Unfair trade laws aside, the biggest cause of America's industrial problems in recent times has been the direction chosen by business leadership.
It is the executives, not the factory floor workers, who decide to take corporate profits and buy other businesses - or overcompensate executives -rather than sink the money back into research and development and new plants and equipment.
American workers do good work. Hand-in-hand with thoughtful - if sometimes difficult -capitalists, they built this nation into the strongest and most advanced on the face of the earth.
J.D. Power and Associates, the California-based automotive research firm, says that in 1987, not one American nameplate finished in Powers' Top 10, a list of cars with the fewest problems. Last year, three American models battled their way onto the list - and two Japanese manufacturers fell off.
American workers are a ready, willing and able army, prepared to join battle in the global economy. But until they get some generals who take their eyes off their paychecks and stock options, the fray cannot be effectively joined.
Ernest R. Grecco
The writer is president of the Metropolitan Baltimore Council of AFL-CIO Unions.
A rich return
This is in regard to your editorial "Sand and Taxes" (Evening Sun, Feb. 5). In this article, you show an appalling lack of insight into the problems and benefits of the beach replenishment project at Ocean City.

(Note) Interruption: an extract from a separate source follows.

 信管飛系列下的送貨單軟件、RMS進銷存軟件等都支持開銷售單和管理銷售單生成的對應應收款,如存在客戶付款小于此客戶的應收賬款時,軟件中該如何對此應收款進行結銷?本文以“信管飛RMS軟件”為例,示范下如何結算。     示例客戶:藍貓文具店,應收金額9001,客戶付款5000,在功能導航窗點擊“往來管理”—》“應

You say that the state will want to bear less and less of its share of the burden ($1 million annually), and that Worcester County residents should pay more. You also say that we will have to come up with a plan that puts more of a burden on those who directly benefit.

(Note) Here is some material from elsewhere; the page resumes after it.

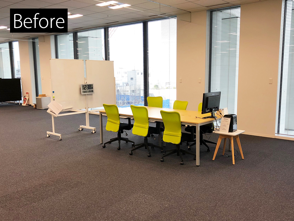 ビフォー:執務エリア内の窓際に仮設された超オープンな会議スペース

I am asking you who more directly benefits from the $85 million in tax revenue generated annually in Ocean City than the state of Maryland? Do you know any sane investor who would not invest $1 million in return for a proven return of $85 million?
The property owners in Ocean City are not making a killing by any means. Real estate prices have been flat for years now, thanks to Reaganomics. There is no real financial gain to be made by buying and maintaining a rental property in Ocean City, but many of us are doing it on a middle-class income because we have hope for the future.
Another thing you don't seem to realize is that most of Ocean City property owners do not live in Worcester County. Why penalize these people, many of them retirees, for acts of nature? Ocean City property owners come from all over this state and many surrounding states.
Finally, where will all the people from Maryland and all the surrounding states go to spend their vacation dollar if we so shortsightedly allow Ocean City to become uninhabitable? How will we answer to future generations when they ask why we do not still have one of the finest, cleanest family-style beaches in this country?
Mary L. Kunes
Split the difference
I have noticed that slowly but surely you are combining the morning and evening papers. The Accent section of The Evening Sun may look like the old Evening Sun, but the print reads morning.
I have always read The Evening Sun (and will continue to as long as you let me) and always despised the morning paper. Why prolong this agony to faithful Evening Sun readers? Just combine the two once and for all and call it "The Midday Sun"!
Baltimore County has canceled season-ending tournaments for some Lutherville-Timonium Recreation Council teams. This monumental cost-cutting measure saves the county the cost of opening the recreation center and the cost of a part-time county employee - about $20 per tournament day.
For a fraction of the cost of the county executive's lunches during his trip abroad, our kids could have had these tournaments. This incident indicates that county government has become callous to the needs of its people by making cuts for the purpose of making cuts and not by communicating with the people.
The writer is on the Lutherville-Timonium Recreation Council 1/2 Basketball Advisory Board.